I expected to like this book a lot more than I did; there's something flat and unsatisfying about it. Wheen doesn't seem to have a master plan to set things right, which books like this really need. (If the world's going to hell in a handbasket, the thing to do is wrench it back onto the right course, not spend your time complaining about the scenery.) He complains about politicians, self-help authors, bad business practices, and a few celebrities, but it's mostly focused on large-scale stupidity. And his style tends to turn that into "My, everyone but thee and me is awfully stupid, eh what?"
This book was a bestseller when originally published in the UK (as How Mumbo-Jumbo Conquered the World: A Short History of Modern Delusions, a much better title than the generic US one), and there is something very British in its stiff-upper-lip manner. Wheen does seem to idolize the US, though, or perhaps that's the result of some judicious edits for the American market. Perhaps understatement works better on his side of the pond, but a book about utter stupidity doesn't seem to me to be the place for understatement in the first place.
I find it hard to place Wheen politically after reading this book, which is very unexpected (usually, "all those people are stupid" books scream their political biases). I know what he dislikes, which is just about everything, but not at all what he likes.
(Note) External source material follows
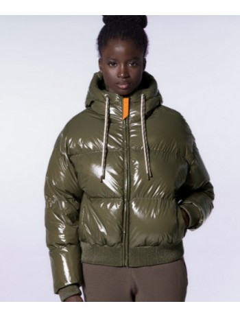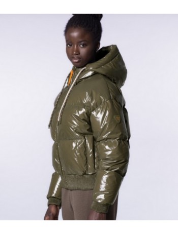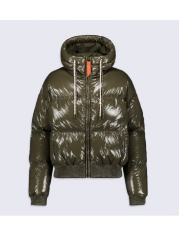 La Doudoune NINE de chez Gertrude est une doudoune courte à capuche confectionnée en matière brillante.

He blasts Blair and Thatcher just about equally, and apparently has disliked every US President of the post-war era. I suspect he's a leftist of some kind (especially since he also wrote a biography of Karl Marx), but you really can't tell.
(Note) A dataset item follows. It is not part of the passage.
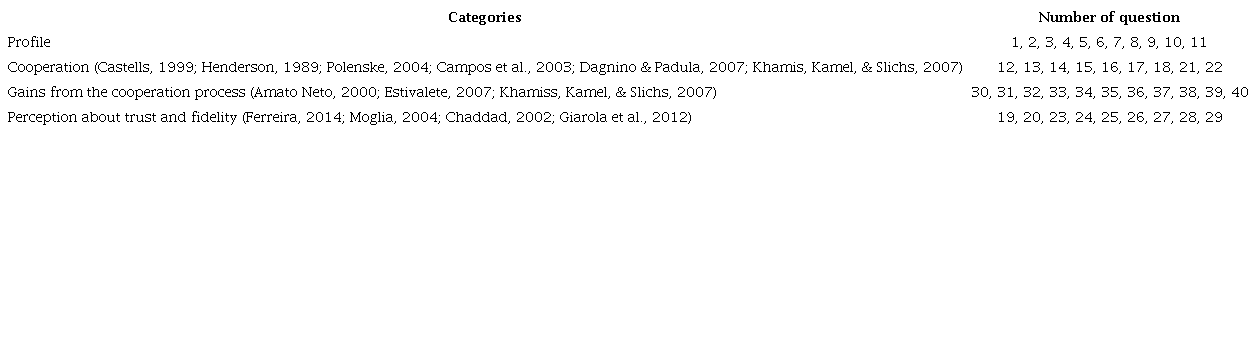 Data was collected in universities, cooperatives, farms, and agricultural fairs. All participants had access to the free and informed consent form. There were 40 open-ended and closed-ended questions (see chart 1 below). The closed-ended questions aimed to identify degrees of cooperation. The definitions very high, high, regular, low, very low, and do not trust were used. For trust perception, fidelity, profits and lack of cooperation, the levels: highly important (1), very important (2), more or less important (3), not very important (4) or not important (5).

This was a disappointment. Anyone who has an urge to read this book would be better served by going back to the great Extraordinary Popular Delusions and the Madness of Crowds, which is well over a hundred years old but sadly timelier than ever. Wheen's business chapters are OK, but their point was made better and more entertainingly in F'd Companies (which I'm coming to think is the essential book on the '90s economy, or maybe the '90s in general; its style says as much about the times as its substance). And his mild peevishness (it doesn't rise to the level of anger, honestly) doesn't hold a candle to the books of Joe Queenan. I'll also recommend a similar title of a generation ago, The Trouble with Nowadays, which was written from the POV of a massively tactless reactionary (and which I was hoping would be something of a model for Idiot Proof). For political types, you'd be better off picking up Al Franken or Bernard Goldberg (depending on your inclination). This is just the kind of book that makes you wish you were reading other, better books.